Crab and Asparagus Fettuccine
Serves 4 to 5
- 2 tbsp extra virgin olive oil
- 1 shallot, finely diced
- 1 tsp soft thyme leaves
- 2 tsp anchovy essence
- 150ml/¼ pint dry white wine
- 150ml/¼ pint fish stock
- salt and freshly ground black pepper
- 450g/1lb asparagus, trimmed and cut into 2.5cm/1in pieces
- 350g/12oz white crab meat
- 675g1½lb fresh fettuccine
- 55g/2oz unsalted butter
- 1 lemon, juice only
- 2 tbsp chopped parsley
- Heat the olive oil in a heavy-bottomed frying pan.
- Add the shallot and cook gently until soft but not brown.
- Add the thyme, anchovy essence, wine and fish stock and bring to the boil.

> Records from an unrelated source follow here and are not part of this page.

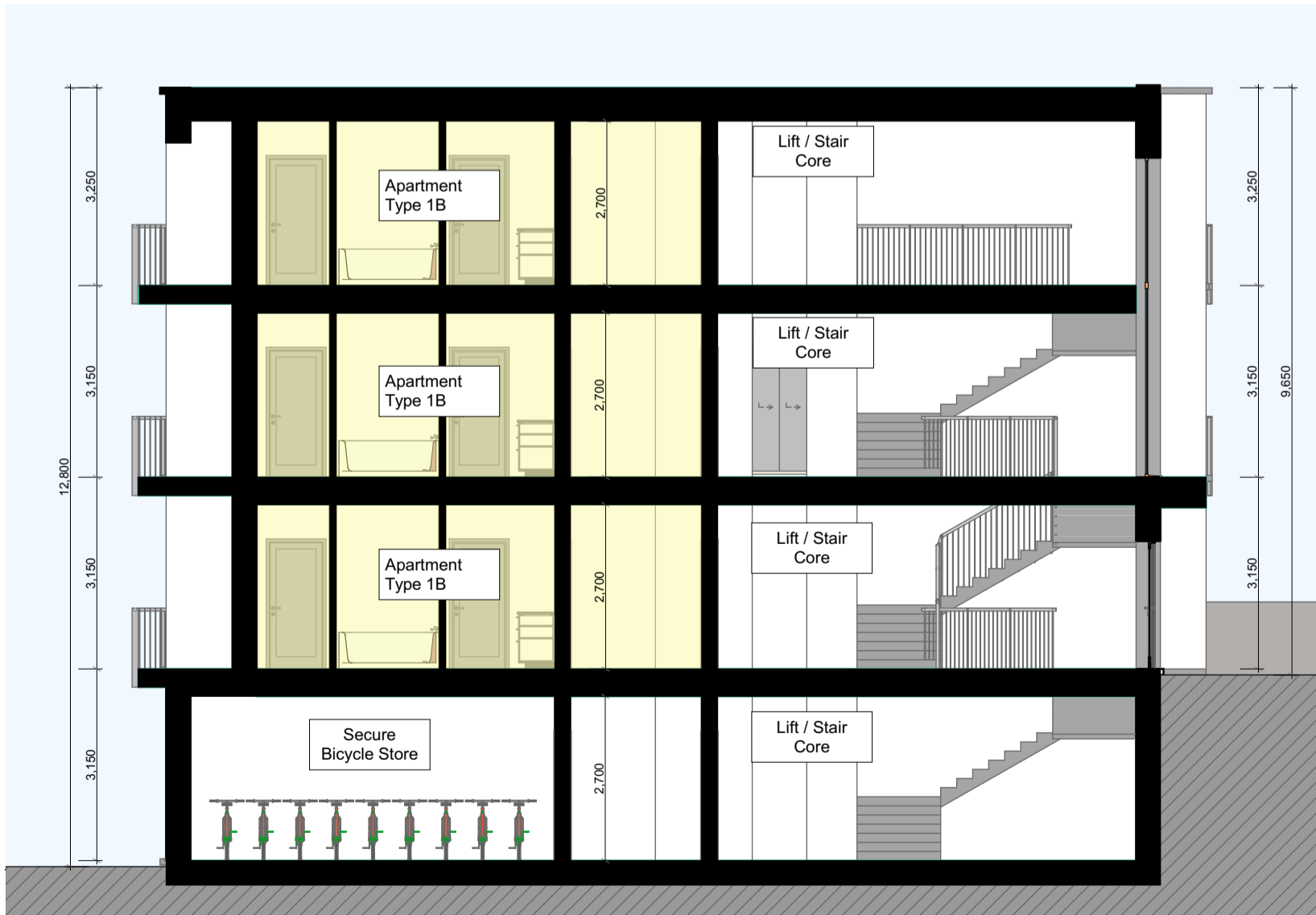
5 Section A-A 1:100

THIS DRAWING TO BE READ IN CONJUNCTION WITH ARCHITECT'S DRAWINGS, CONSULTANT ENGINEER'S DRAWINGS AND SPECIFICATIONS.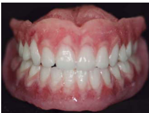
Figure 5. One of the processed dentures where characterization can be observed.

Dental treatment of hypohidrotic ectodermal dysplasia is complex. It entails special treatment,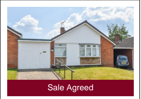
13 The Broadway, Wombourne, Wolverhampton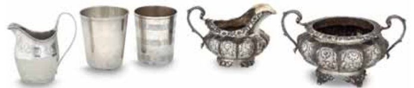
183 A COLLECTION OF ANTIQUE SILVER various makers and dates To include a George III beaker with reeded bands, London 1816 , a William IV silver cream jug and sugar bowl, of lobed form, London 1831 , etc, weight 53oz. £500 - 700 €550 - 760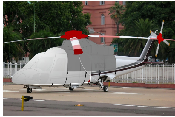
Sikorsky S76 Bubble Cover (Forward Canopy Cover) S76 Forward Fuselage, Engine, Main & Tail Rotor Hub Covers (illustration)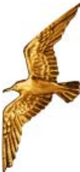
BIRD BR 390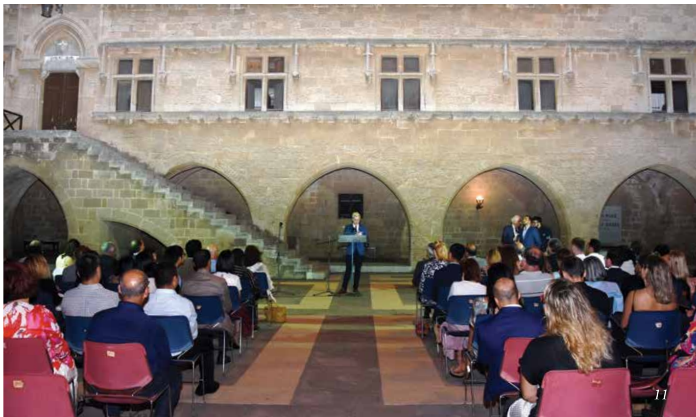
Graduation ceremony, 2018

Judge (Republic of Korea) and former President, International Tribunal for the Law of the Sea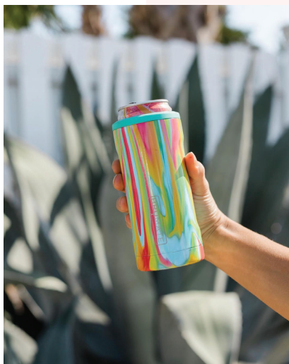
Brumate, shown by Next Step Reps | C863, C888, C891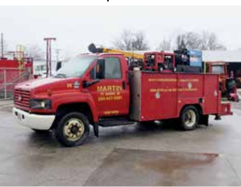
Chevrolet C5500 w/STI 8000 Lb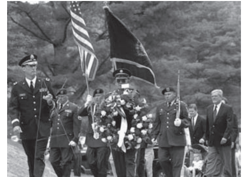
July 4, 2007 celebration of Calvin Coolidge's Birthday

Who can forget Fourth of July? The only U.S. President to be born on Independence Day, hundreds will gather at The Notch at 12 Noon on Sunday, July 4 th to walk with the Vermont National Guard Color Guard a few hundred yards to the burial place of Calvin Coolidge and numerous Coolidge family members. Traditionally, the White House sends a beautiful wreath, which will be laid on the tombstone of President Coolidge. Following at The Notch, a guest speaker will address the crowd

- Cook until the liquid has reduced by half.
- Meanwhile, bring a large pot of salted water to the boil.
- Add the asparagus and cook for six minutes.
- Drain, retaining the water, and add the reduced shallot liquid with the crab.
- Cook the fettuccine in the asparagus water for about 3-4 minutes, depending on the freshness.
- Drain and add to the crab sauce.
- To finish, heat the butter in a frying pan until nutty and golden.
- Add the lemon juice and the parsley and pour over the pasta.
- Toss to combine. Season to taste with plenty of black pepper.